MATERIAL PROVIDED:
#####

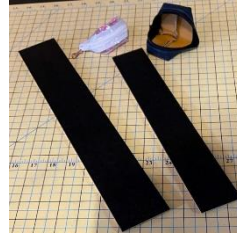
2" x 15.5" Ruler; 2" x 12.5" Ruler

#####

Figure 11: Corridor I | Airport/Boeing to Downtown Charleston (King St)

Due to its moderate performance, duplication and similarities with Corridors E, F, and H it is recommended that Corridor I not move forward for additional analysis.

#####

WORK REQUIRED: In the entries above, which lines hold the string "Corridor"? Report all of them.

WRITTEN SOLUTION:
Figure 11: Corridor I | Airport/Boeing to Downtown Charleston (King St)
Due to its moderate performance, duplication and similarities with Corridors E, F, and H it is recommended that Corridor I not move forward for additional analysis.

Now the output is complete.